After I got home last night, I put a scarf on my head and put some comfortable clothes on. Not long after I had been home, my daughter asked me to take her to the gas station for some munchies and movies. I thought about putting my wig back on, but I decided it was time to stop hiding behind a wig every time I walked out of my house. So, for the first time since I lost my hair, I left my house without a wig. I had a black scarf tied over my head, so I looked like I was out for a Harley ride, but it was still obvious I was bald as there was no hair peeking out the bottom of my scarf. I saw a few people in the gas station sneaking glances at me and trying not to stare too long, but it didn't bother me as much as I thought it would. I suppose I'm becoming more and more comfortable with the idea that I don't have to look like a glamour queen 24/7. I try not to consider myself to be a vain person, but I've always taken pride in my appearance, so it's difficult for me to face not "looking good".
Over the past week, I've noticed my eyebrows are getting very thin. I've been using an eyebrow brush and filling in the gaps and hiding the fact that they are falling out too; but when I wash my face after I'm home, they are definitely disappearing too. Several weeks ago, I purchased the makeup I would need to fill in my eyebrows as well as false eyelashes (because those will likely be the next to go), so I'm prepared; but it doesn't make it any easier. I've never been one to wear makeup constantly. I would go to Wal-Mart without a stitch of makeup often; but I now catch myself not wanting to go anywhere without making sure my makeup is done. I do not like HAVING to wear makeup. It's always been an option for me. Stupid cancer--I'm already SO OVER IT.

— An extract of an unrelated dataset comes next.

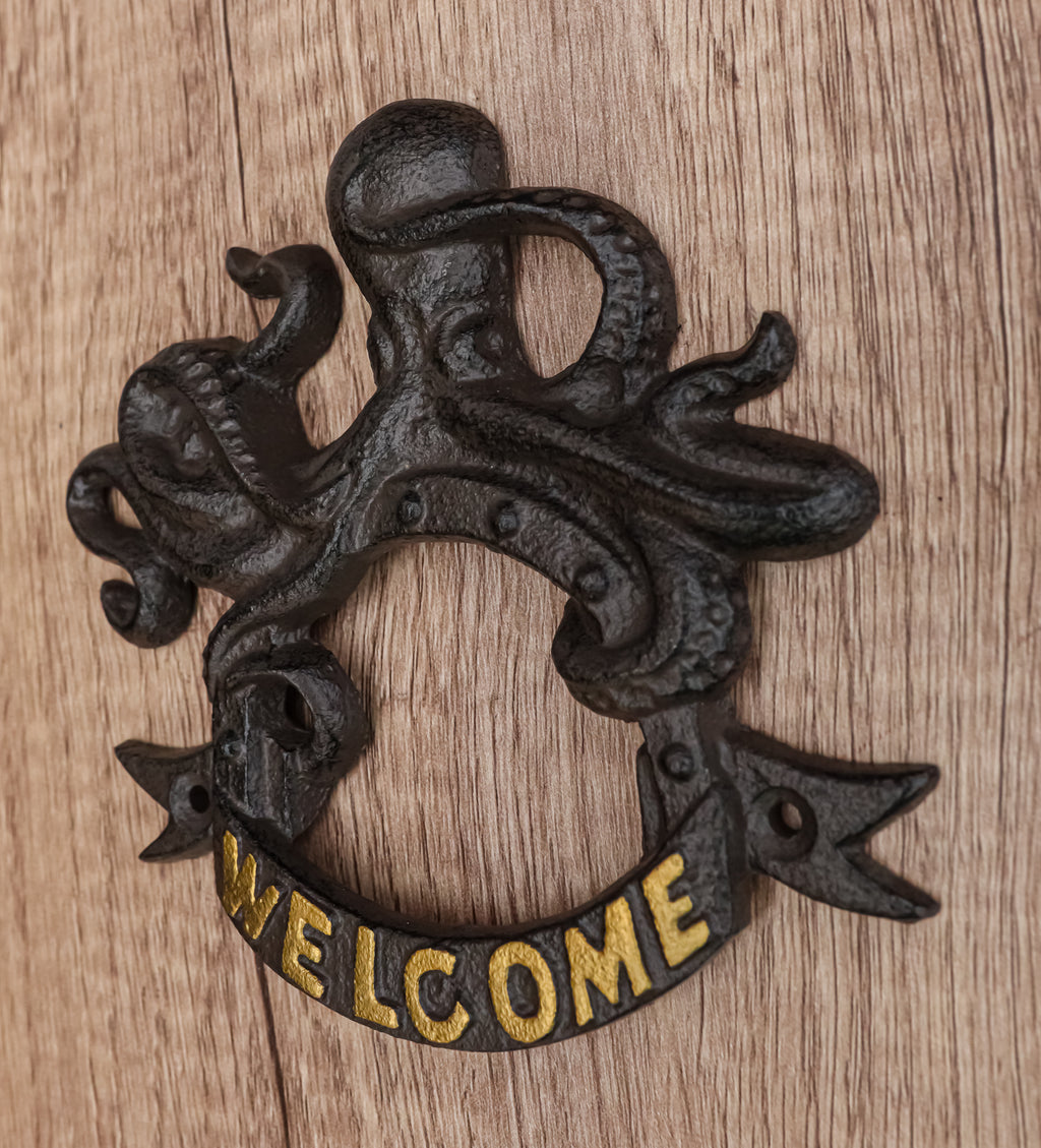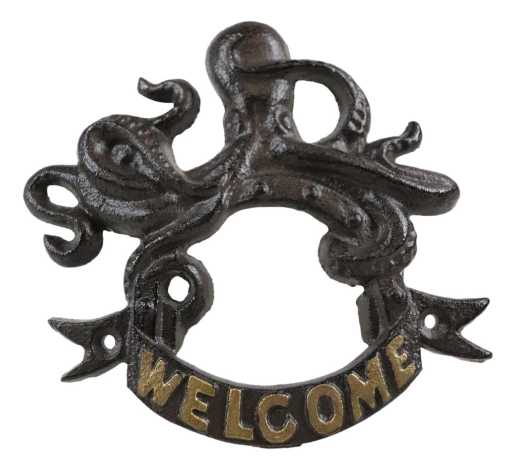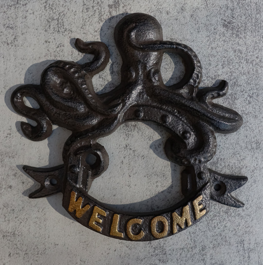 • Welcome guests to your coastal retreat with our captivating Cast Iron Octopus Wall Plaque. This enchanting piece adds a touch of maritime magic to any entryway or living space, showcasing the intricate design of an octopus with precision and style. Crafted from durable cast iron, it promises to greet visitors with a warm and enduring message for years to come. Whether you're by the sea or simply adore nautical aesthetics, this octopus welcome sign is the perfect addition to your decor.

Other than what I have already mentioned, I have had a few side effects creep in on me. This week, I've noticed I'm thirsty even when I drink water. My mouth seems to dry out pretty fast. I just try to keep drinking water and keep it from drying out; but it's a constant battle. Also, last week, I began feeling like my hands were dry and chapped. They stung and itched. It was a strange feeling, and I kept putting lotion on my hands thinking they were dried out from washing them so often. Finally, near the end of the week, I realized what I was feeling in my hands wasn't my skin dry or chapped. What I was feeling was neuropathy caused from chemotherapy. It is a little uncomfortable, and it comes and goes, so I don't consider it to be a major issue. It's more of an annoyance than anything. But, I promised myself I would be honest about any side effects I had through this process and when they began so this may help someone else facing this.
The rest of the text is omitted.